Или такое, удивительно актуальное для эпохи перестройки рассуждение о жизненном опыте: «Я вот думаю, куда бы свернула жизнь, принимай молодежь наши советы… Стал бы на земле рай, поскольку людской опыт приумножился бы несказанно. А стал бы? Не застопорилась бы жизнь на пределе, стариками достигнутом? У кого опыт, у того меньше хлопот. Только ведь опыт вроде бетона: затвердеет — хрен отдерешь. Такой вот опытный засядет хоть где — и незнакомое бракует, знакомое штампует. Между прочим, опыт есть родной братец стандарта».

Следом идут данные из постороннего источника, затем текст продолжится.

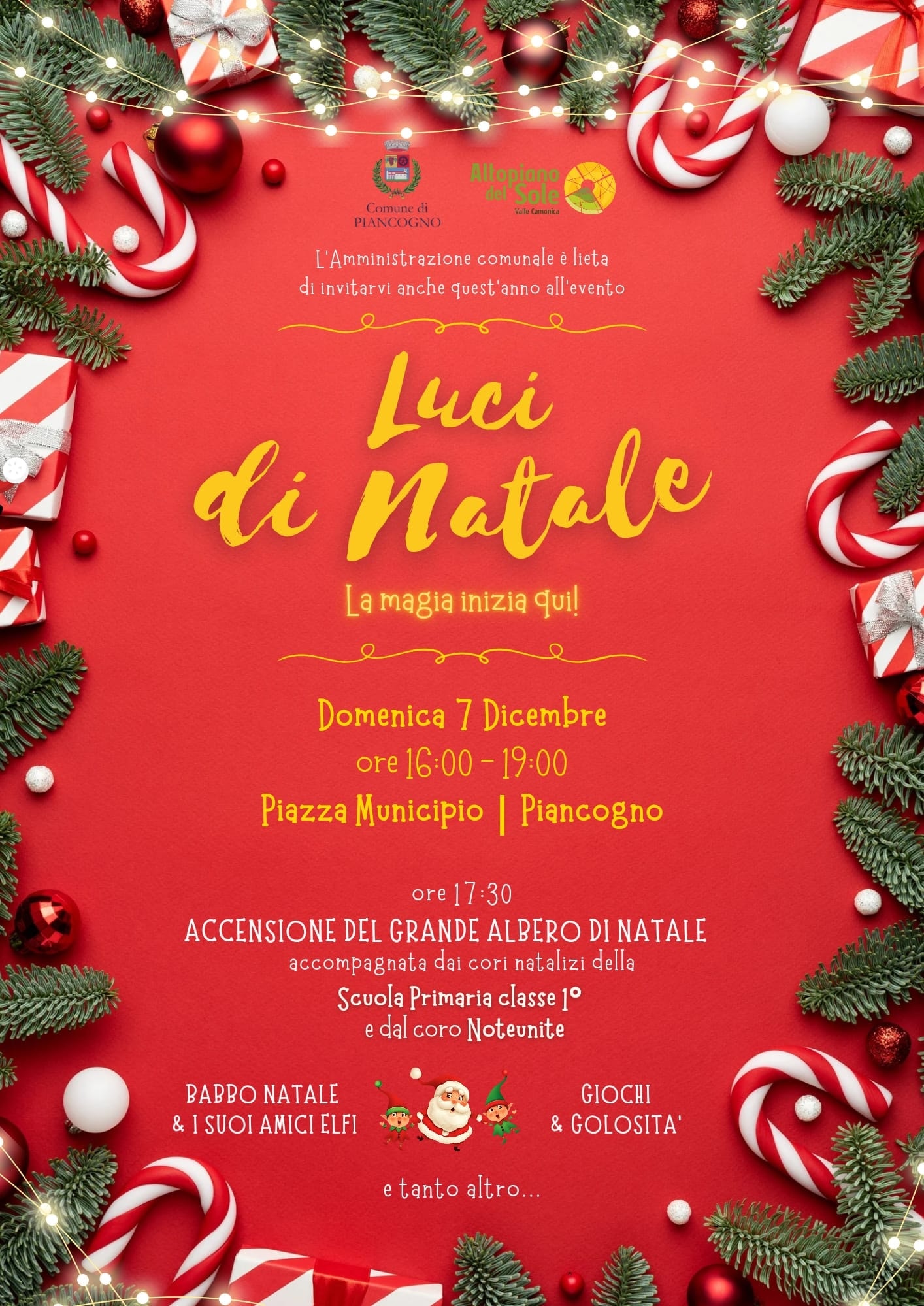 ποΈ Tipologia evento: Festa a tema π’ Organizzato da: Comune di Piancogno π Luogo: PIAZZA DEL MUNICIPIO π Descrizione evento: Accensione del grande albero di Natale π Link utili: π Sito Web: Nessun link disponibile π² Facebook: Nessuna pagina disponibile π· Instagram: Nessun profilo disponibile π - Aggiornato automaticamente dal sistema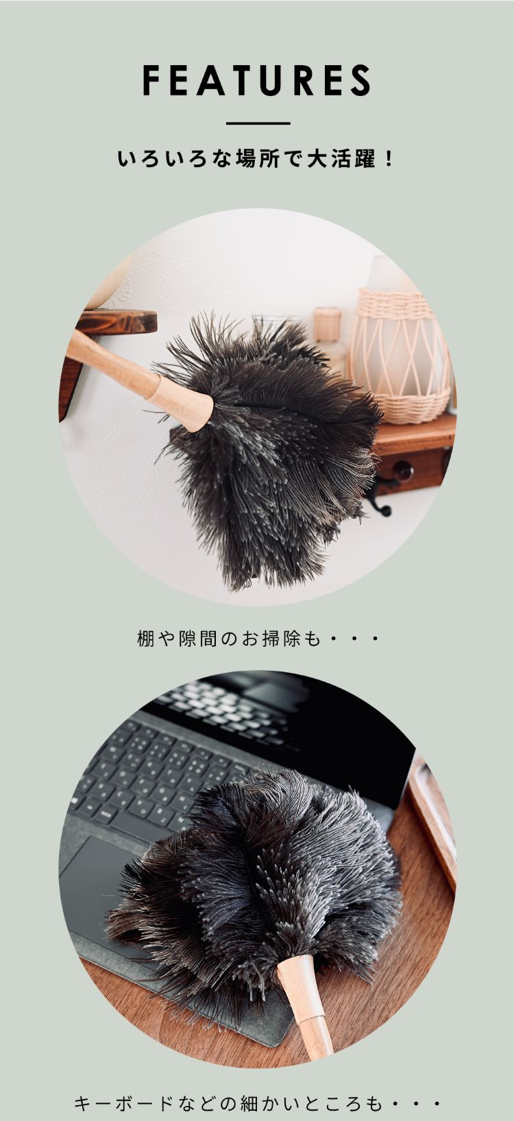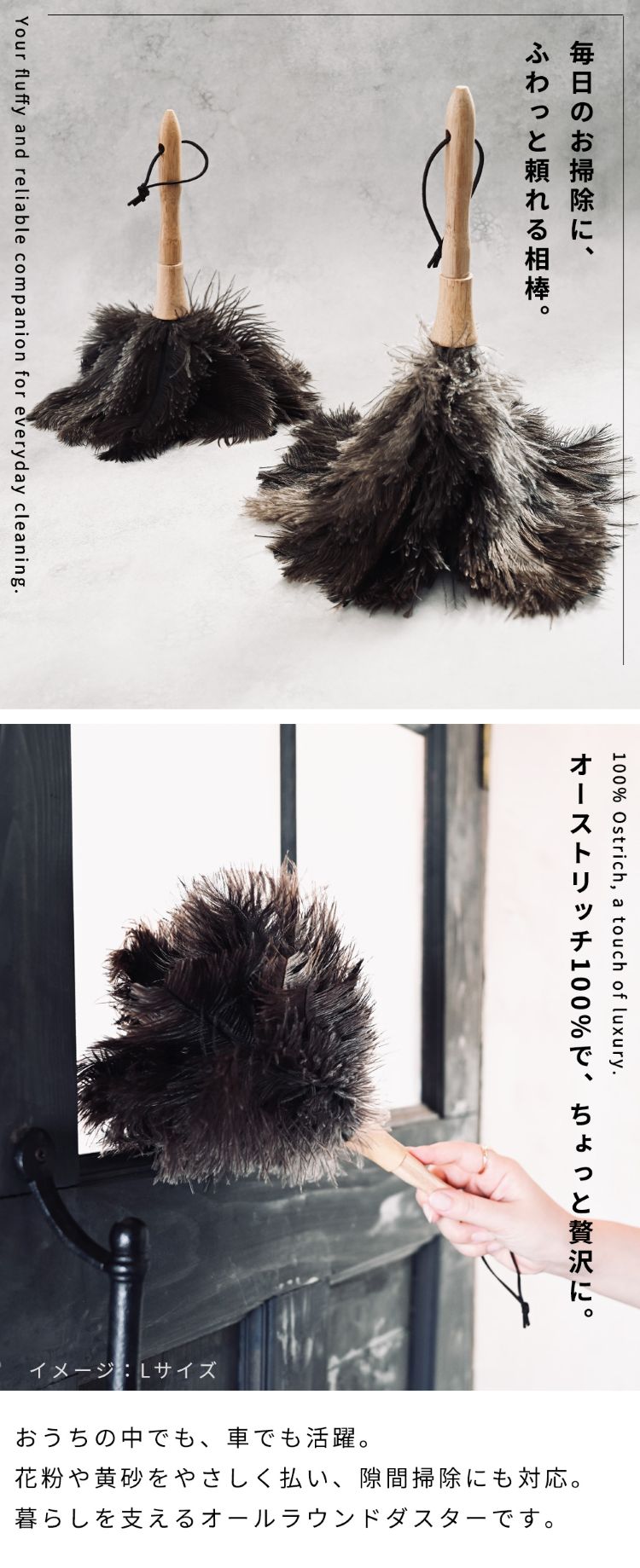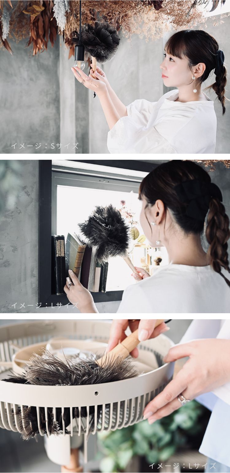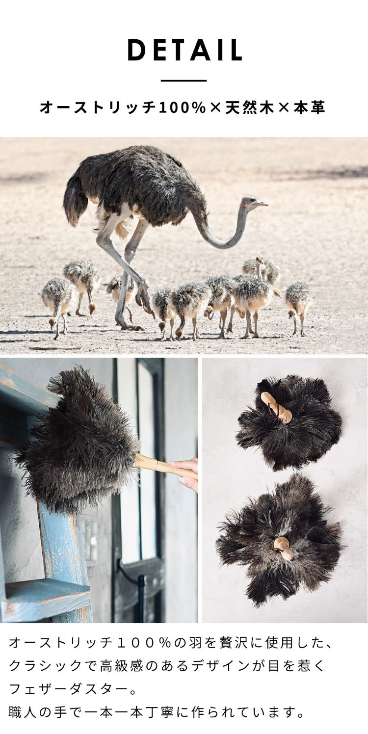 オーストリッチフェザーダスターは「静電気が起きにくい」「ホコリを舞い上げない」「デリケートな素材を傷つけない」 のが最大の特徴です。

Байки, шуточки, присказки героя (признаюсь, не все безукоризненно удачны, хотя немало и отличных, почти фольклорных) как бы укрупняют, обобщают конкретные факты и события, о которых идет речь. Рабочий человек вырастает на страницах романа в фигуру мыслителя, философа, напряженно ищущего истину, ключ ко всему в жизни.

И еще необходимо подчеркнуть: то, что написано С. Родионовым десять, пятнадцать и двадцать лет назад, кажется написанным сегодня. Современны его гуманистическая мысль, его осознанная, подчеркнутая направленность к общечеловеческим ценностям, его проповедь главенства духовного над материальным, вещественным.

При каждом удобном и неудобном случае Станислав Родионов повторяет, что люди должны быть людьми, жить высокими стремлениями, не быть накопителями-мещанами, всегда, при всех обстоятельствах поступать по совести. Банально? Но только для тех, кто пользуется готовыми формулами и только потому думает, что усвоил их. Знать, что плохое — плохо, а хорошее — хорошо, еще не означает жить по совести. А смысл всех рассуждений, всех проповедей, увещеваний и сюжетных построений писателя в том и состоит, чтобы вызвать в читателе желание думать о своих поступках, о жизни, быть полезным и деятельным членом человеческого сообщества.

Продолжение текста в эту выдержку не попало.